Extracted material Block Start
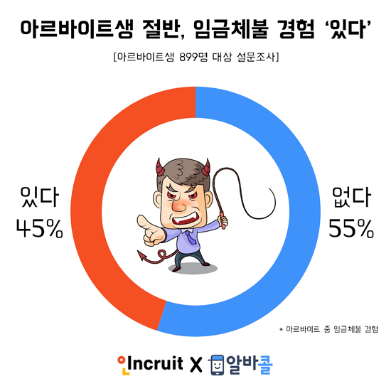 ¾Æ¸£¹ÙÀÌÆ®»ý Àý¹Ý ²Ã·Î ÀÓ±ÝüºÒ °æÇèÀÌ ÀÖ¾ú°í, Æò±Õ üºÒ¾×Àº ¿ù ±Þ¿©ÀÇ 40%¿¡ ´ÞÇß´Ù. ÀÎÅ©·çÆ®°¡ ¿î¿µÇÏ´Â ¾Æ¸£¹ÙÀÌÆ® O2O Ç÷§Æû ¾Ë¹ÙÄÝ(´ëÇ¥ ¼¹Ì¿µ albacall.incruit.com)ÀÌ ¾Æ¸£¹ÙÀÌÆ®»ý 899¸íÀ» ´ë»óÀ¸·Î ÁøÇàÇÑ ¼³¹®Á¶»ç °á°ú´Ù.
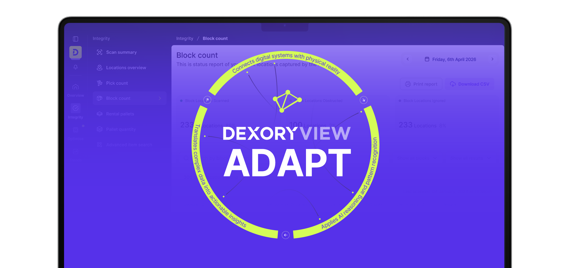 Unlike AI tools that work on historical or system data alone, DexoryView Adapt is built on continuous physical scans of your warehouse. What you see is what's actually there, not what the WMS thinks is there.
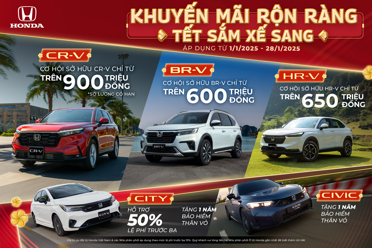 Tưng bừng chào đón mùa lễ hội cuối năm, với mong muốn mang đến nhiều hơn nữa cơ hội trải nghiệm các mẫu xe ô tô Honda và tận hưởng những khoảnh khắc du ngoạn tuyệt vời cho Khách hàng, Honda Việt Nam phối hợp cùng hệ thống Nhà Phân phối triển khai chương trình khuyến mại hấp dẫn từ ngày 01/01//2025 đến hết ngày 28/01/2025 cho các dòng xe: Honda CR-V, Honda BR-V, Honda HR-V, Honda City, Honda Civic Honda Accord.
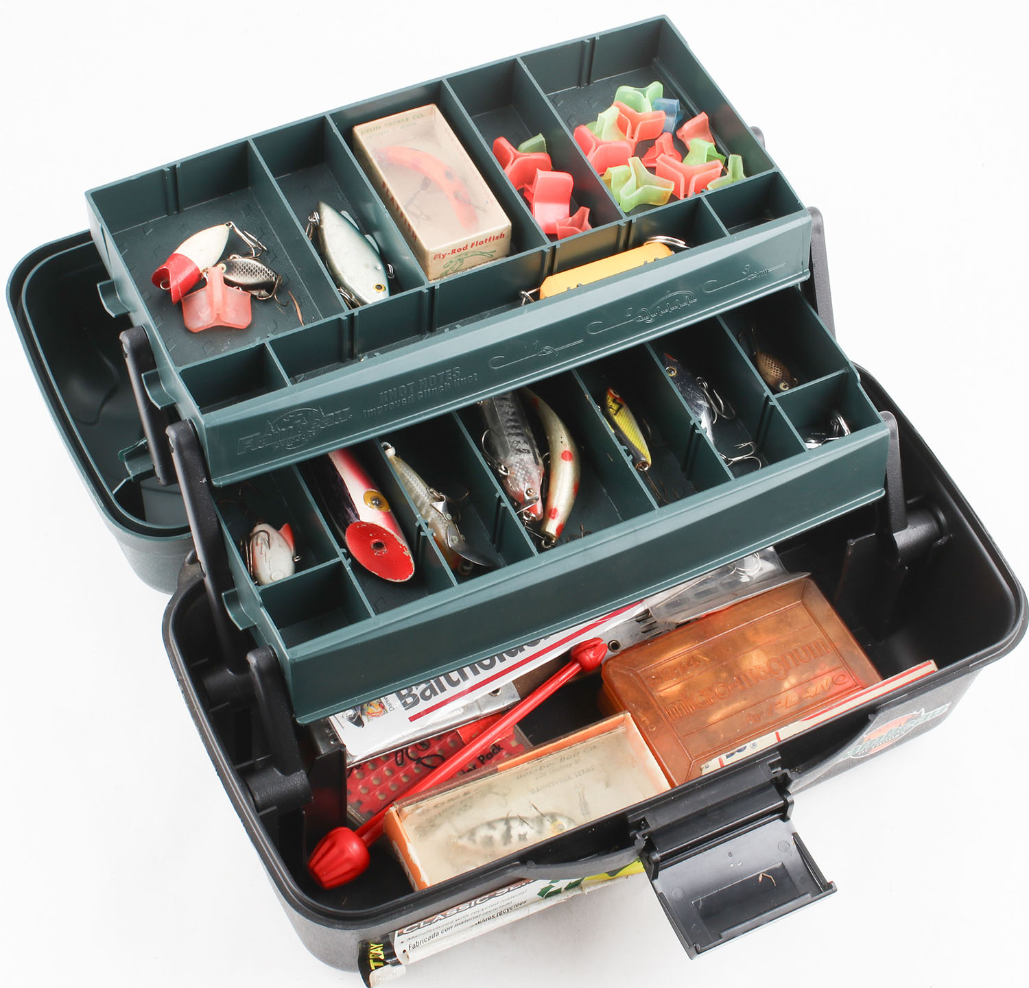 | Flambeau Tackle box, plastic tackle box, with an assortment of f...
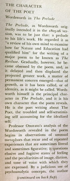 Con un uso giudizioso dei concetti psicoanalitici, Richard Onorato interpreta il Wordsworth rivelato nel poema The Prelude e mette in relazione i problemi dell'autobiografia poetica con quelli della personalità.
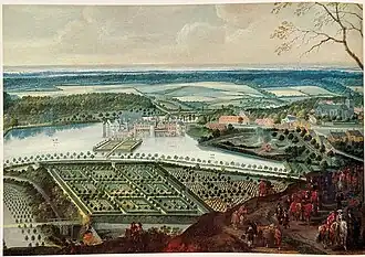 To the right of "het Hoefijzer", on the south side, a spacious orangery and a botanical garden were planted, with a large dog kennel a little further on; on the left, on the north side, a vegetable garden surrounded by a falconry, a silkworm farm and a pheasant farm.[1][2] To the south of the castle, a terraced pleasure garden was created, embellished with fountains, vases, statues, a labyrinth, toys, a bathing pond with artfully painted Chinese pavilions, a cascade, an aviary for exotic birds, all connected by steps and leafy tree galleries.[1][2]
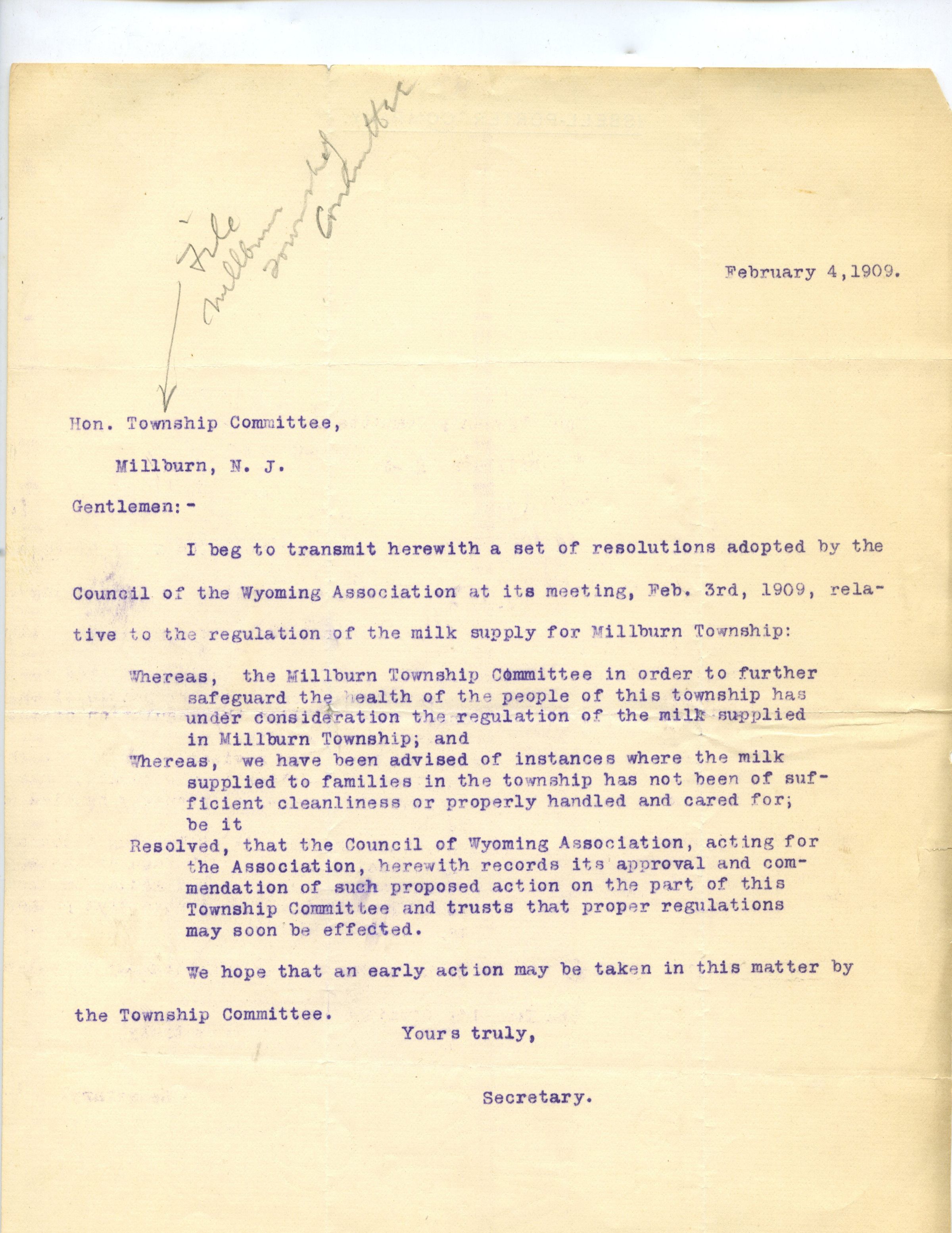 Typewritten letter from the Secretary of the Wyoming Civic Association to the Millburn Township Committee dated February 4, 1909 expressing the concern over regulations of the town's milk supply and requests the Committee to implement new regulations to ensure improved hygienic conditions.Collection
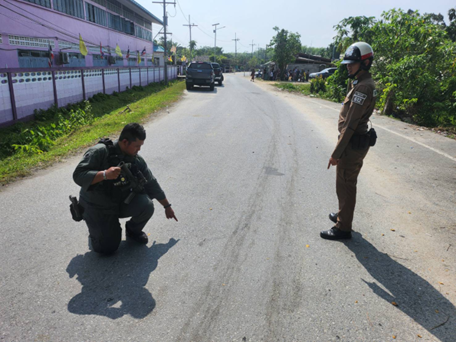 บริเวณหน้า รร.บ้านต้นแซะ ม.2 ต.จะกว๊ะ อ.รามัน จ.ยะลา จึงเข้าตรวจที่เกิดเหตุพร้อมด้วย ชป.อัศวิน และ ข่าย จร. เมื่อเดินทางไปถึงที่เกิดเหตุ พบ รถยนต์ กระบะ ยี่ห้อ ฟอร์ด รุ่น เรนเจอร์ ทะเบียน 1254 ยะลา และ จยย.ยี่ห้อฮอนด้า รุ่น เวฟ 110 หมายเลขทะเบียน กบ 1256 ยะลาจอดอยู่บริเวณที่เกิดเหตุ จึงสอบสวนพยานซึ่งอยู่บริเวณใกล้เคียง พบว่าชุดกู้ภัย ตำบลจะกว๊ะได้นำผู้บาดเจ็บส่ง รพ.รามัน เป็นที่เรียบร้อยแล้ว ร.ต.อ.สิทธิพงค์ ศรีสุขใสฯ ตรวจที่เกิดเหตุเบื้องต้น และเข้าพบผู้บาดเจ็บ รพ.รามัน เพื่อสอบสวนเบื้องต้น
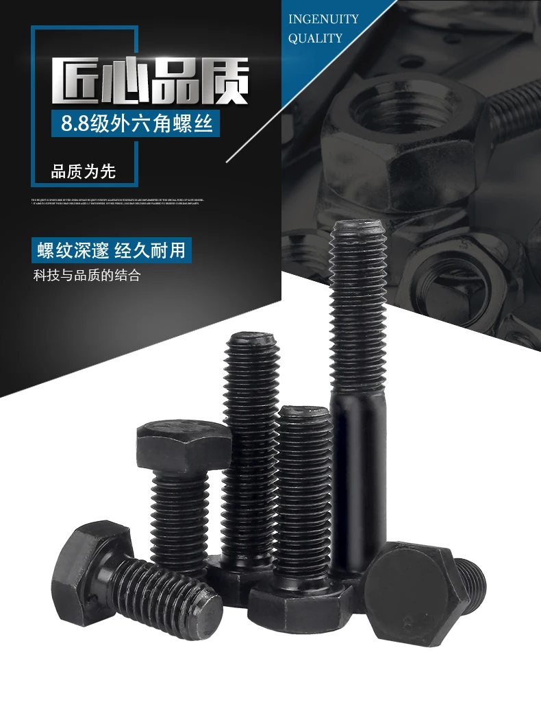 M30 Hexagon Head Screws Threaded Up To The HeadBlack 8.8 Carbon SteelExternal Hex Head BoltsDIN558/DIN933/ DIN961/ ISO4017 ISO4018/ GB/T5781/5783/5786Factory Wholesale
Extracted material Block End
**Assignment**. Exactly the lines from the one with "บริเวณหน้า รร.บ้านต้นแซะ ม.2" through the end of the records should be written out, and only those. Pictures do not belong in the copy.

**Task answer**.
 บริเวณหน้า รร.บ้านต้นแซะ ม.2 ต.จะกว๊ะ อ.รามัน จ.ยะลา จึงเข้าตรวจที่เกิดเหตุพร้อมด้วย ชป.อัศวิน และ ข่าย จร. เมื่อเดินทางไปถึงที่เกิดเหตุ พบ รถยนต์ กระบะ ยี่ห้อ ฟอร์ด รุ่น เรนเจอร์ ทะเบียน 1254 ยะลา และ จยย.ยี่ห้อฮอนด้า รุ่น เวฟ 110 หมายเลขทะเบียน กบ 1256 ยะลาจอดอยู่บริเวณที่เกิดเหตุ จึงสอบสวนพยานซึ่งอยู่บริเวณใกล้เคียง พบว่าชุดกู้ภัย ตำบลจะกว๊ะได้นำผู้บาดเจ็บส่ง รพ.รามัน เป็นที่เรียบร้อยแล้ว ร.ต.อ.สิทธิพงค์ ศรีสุขใสฯ ตรวจที่เกิดเหตุเบื้องต้น และเข้าพบผู้บาดเจ็บ รพ.รามัน เพื่อสอบสวนเบื้องต้น
 M30 Hexagon Head Screws Threaded Up To The HeadBlack 8.8 Carbon SteelExternal Hex Head BoltsDIN558/DIN933/ DIN961/ ISO4017 ISO4018/ GB/T5781/5783/5786Factory Wholesale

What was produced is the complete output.